I decided previously to use an RSS <item> as the file format for a blog post. Looking into the MetaWeblogAPI, it seems like that was a good move, since posting with MetaWeblogAPI involves simply sending the <item> to post.
So there’s two things to do:
- Figure out the SQL query to use with Community Server to get the data I need out
- Write some XML code to take this data and write it to disk as an XML file
The SQL Query looks like this:
SELECT cs_Posts.PostDate, cs_Posts.Subject, cs_Posts.Body
FROM cs_Posts INNER JOIN cs_Sections
ON cs_Posts.SectionID = cs_Sections.SectionID
LEFT OUTER JOIN cs_weblog_Weblogs
ON cs_Posts.SectionID = cs_weblog_Weblogs.SectionID
LEFT OUTER JOIN cs_Threads
ON cs_Posts.ThreadID = cs_Threads.ThreadID
LEFT OUTER JOIN cs_weblog_Posts
ON cs_Posts.PostID = cs_weblog_Posts.PostID
(cs_Posts.PostLevel = 1) AND (cs_Sections.Name = N'steve''s blog')
This gets me 3 output columns: PostDate, Subject, and Body. Perfect. Substitute my blog name for yours if you’re going to reuse this query.
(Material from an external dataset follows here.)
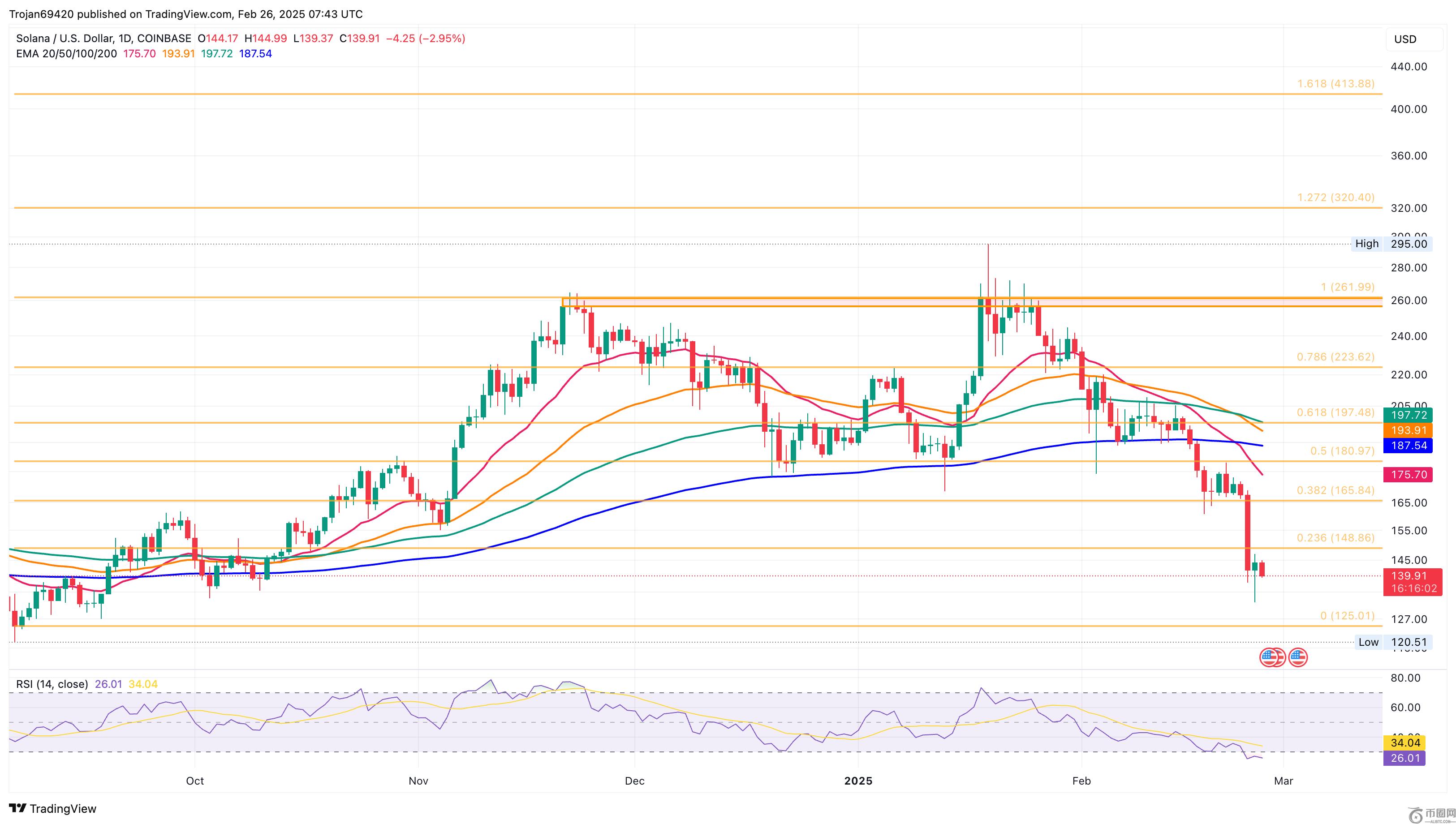 由于加密市政上限总额降至2.87万亿美元,Altcoins正在努力寻找关键的支持。在市场状况下降的情况下Solana交易低于140美元。

Populating a DOM with these is a simple matter:
Element rootNode = xmlDoc.createElement("item");
Element titleNode = xmlDoc.createElement("title");
Element bodyNode = xmlDoc.createElement("description");
Element dateNode = xmlDoc.createElement("pubDate");
Now I want to figure out what the common way to write out XML with Java is. I found the wrong way to do it. Actually that page says “Serialization has been left as a task for vendor specific classes”. It’s hard to believe that something as core as writing XML would be left out of the framework.
Fortunately Sun has a page that shows how to write out a DOM as an XML file (as part of their XSLT tutorial, strangely enough).
Where in C# you’d simply write:
The equivalent in Java is something like this:
TransformerFactory tFactory = TransformerFactory.newInstance();
Transformer transformer = tFactory.newTransformer();
File f = new File("MyFile.xml");
DOMSource source = new DOMSource(doc);
StreamResult result = new StreamResult(f);
I’m not sure why Java is so needlessly obtuse, but there it is.
But now that this part is done, I have a directory containing an xml file containing an <item> for every blog posting I wrote with .Text over the last few years. 391 items. I’ve put the raw items here.
An idea I’ve been working on lately is using OPML to identify collections of things like mail messages and blog posts, and having web tools work with those collections, wherever they may be, rather than managing their own private copy of the data. It’d be great to be able to refer to the Flickr metadata they manage for my photos directly, rather than having to do it through their API. But that’s another story.